25 Years - A Tale of a Magazine, and of an Industry

When this publication was launched in November 1986 as FBO magazine, we ran an article announcing the sale of the Pal-Waukee Airport north of O’Hare International by the Priester family to the surrounding cities of Wheeling and Prospect Heights, IL...


When this publication was launched in November 1986 as FBO magazine, we ran an article announcing the sale of the Pal-Waukee Airport north of O’Hare International by the Priester family to the surrounding cities of Wheeling and Prospect Heights, IL. Today called Chicago Executive Airport, it still has as a tenant Priester Aviation, which is now a global charter operator.

I recently visited with Charlie Priester, 73, who subsequently sold his fixed base operation to Signature Flight Support, with whom he is now a subtenant. Of the changes over the past 25 years Priester comments, “The equipment has changed, but the industry is the same — it’s still people doing business with people. One thing you can never replace is a minute in time.”

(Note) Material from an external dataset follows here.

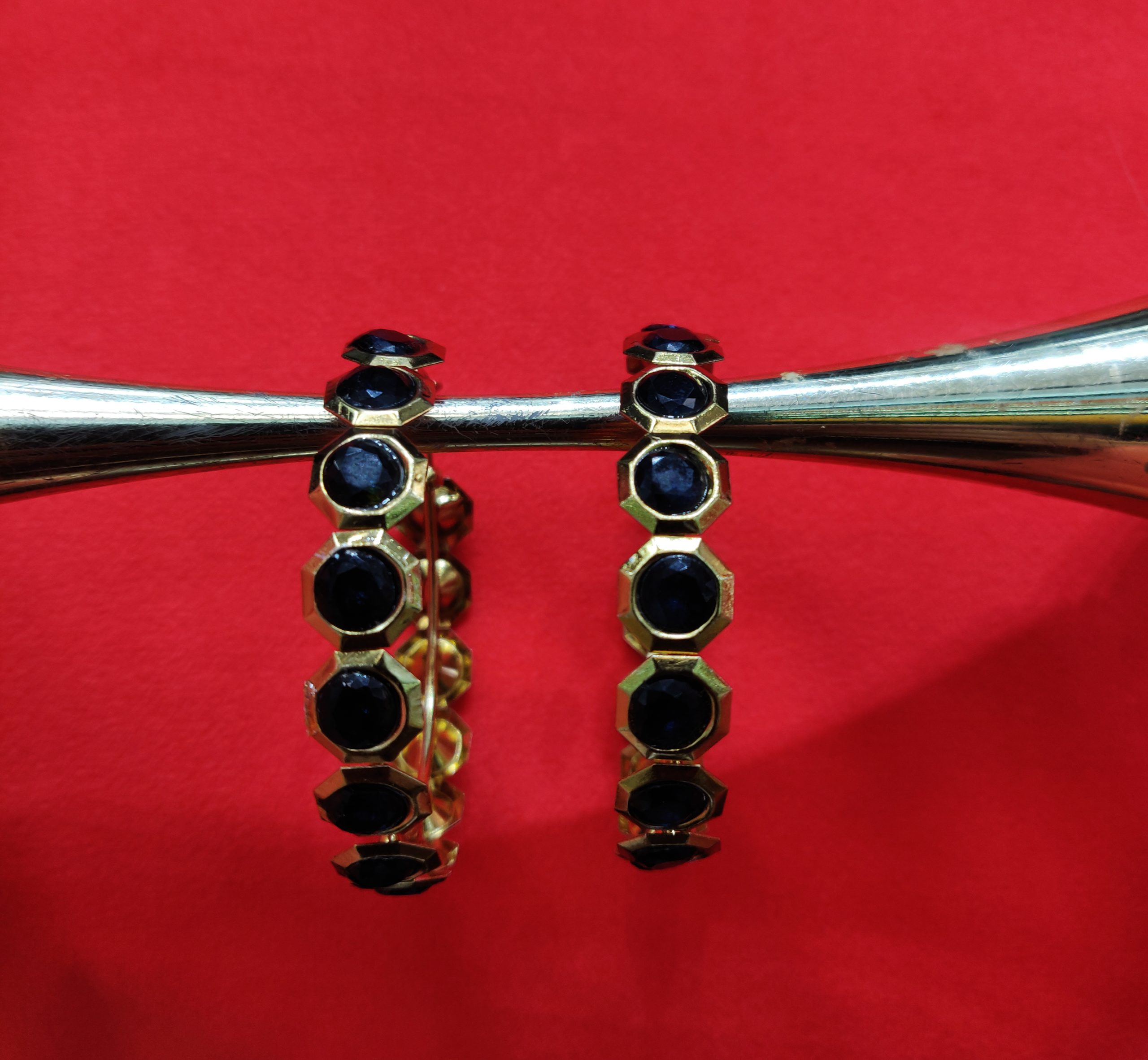 These golden brass hoop earrings are a true embodiment of sophistication and style. Crafted with precision, they feature a lavish array of high-quality black stones that gracefully encircle the entire hoop. The contrast between the rich golden hue of the brass and the deep, alluring black stones creates a striking and timeless design. These earrings are the epitome of elegance and are sure to make a bold and dramatic statement wherever you wear them, adding a touch of glamour and intrigue to any outfit.

He adds that his family’s philosophy through the years — “It’s all about the customer” — has not changed, a fact he points out that many airports are learning firsthand in today’s airline environment. “If you keep your eye on the ball as it relates to the customer, it will drive your future plans.”

Not long after, I met Don Campion of Banyan Air Service at Fort Lauderdale Executive Airport (FXE). He was a maintenance guy operating out of a leased lean-to, and was driven, as was I as the new editor of a magazine, canvassing airports around the U.S. and trying to understand who the players were, and what the business of airports was about.

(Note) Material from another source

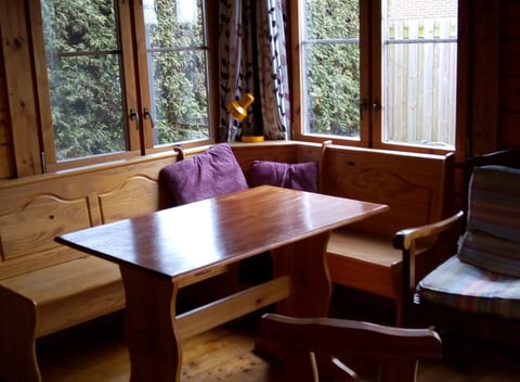 Gemütliches Chalet, es gibt 4 Einzelbetten, so dass 4 Personen schlafen können. Es gibt ein Schlafzimmer im Erdgeschoss mit 2 Betten und zwei Betten im Obergeschoss. Küche und Bad sind im Naturhäuschen vorhanden. Ein gemütlicher Palettenofen hält es gut warm. Der Preis von 90 Euro gilt für 2 Personen ohne 1,70 Touristensteuer p.P.P.N. Für die dritte und vierte Person berechnen wir 25 Euro p.P.P.N. extra. Ab Juni kannst du nur noch ab einem Aufenthalt von 2 Nächten buchen. Für eine Person beträgt der Preis 51,70 € pro Nacht. Im Juli und August kannst du ab 3 Nächten für mindestens 2 Personen buchen. Auch an Christi Himmelfahrt, Ostern und Pfingsten müssen mindestens 2 Nächte gebucht werden.

I had gotten my start in the business as the communications manager for the National Air Transportation Association, which is where the publishers of this magazine had found me.

Don Campion wasn’t a player yet; he was a wanna be. Like so many other impassioned people in aviation, it wasn’t about flying the airplane, it was about making airplanes happen. Like avionics guys; like repair station guys; like airport directors.

Today, Banyan Air Service is a first-class operation with the amenities that the fractional revolution wrought.

People like Charlie Priester and Don Campion are good starting points for a story about the industry for the past 25 years, if for no other reason than they represent the spirit of entrepreneurialism so rampant in the history of this industry, and both reflect how much has changed over that timespan.

We started this magazine, then FBO, in 1986 and the goal was to help aviation businesses (tenants) become better at what they do, particularly by learning from the successes of others as told in this magazine. The idea got traction. An early reader wrote us at the time that we may have come along at the right time and that it potentially could save his business. We grabbed onto that concept. Remember, the late ‘80s and early ‘90s were not pretty for the business of fixed base operators. The recession of 1991/92 was not a welcome visitor.

Then the world began to change — at least, for the world of tenant operations and the airports on which they resided.

In 1991 we acquired our competitor Airport Services (nee: Airport Services Management) magazine and began to learn about the commercial aviation/airport management side of the business. Along the way we came to recognize that the world of airports in the U.S. was changing, and that recognition ultimately led to the merging of the two magazines, FBO and Airport Services, into AIRPORT BUSINESS.

USTs; tenant leases

In the mid-1980s, the Sunday night TV show ‘60 Minutes’ aired a program on leaking underground storage tanks (USTs). The story focused on a gas station and its leaking tanks that were contaminating a community’s underground aquifer, and thus its water supply. Back in the day ‘60 Minutes’ had the ability to cause the nation to “talk” on Monday morning, and that was no more true than the story about leaking USTs. In a heartbeat, the Environmental Protection Agency was proposing radical regulations (at the time) for attacking the problem.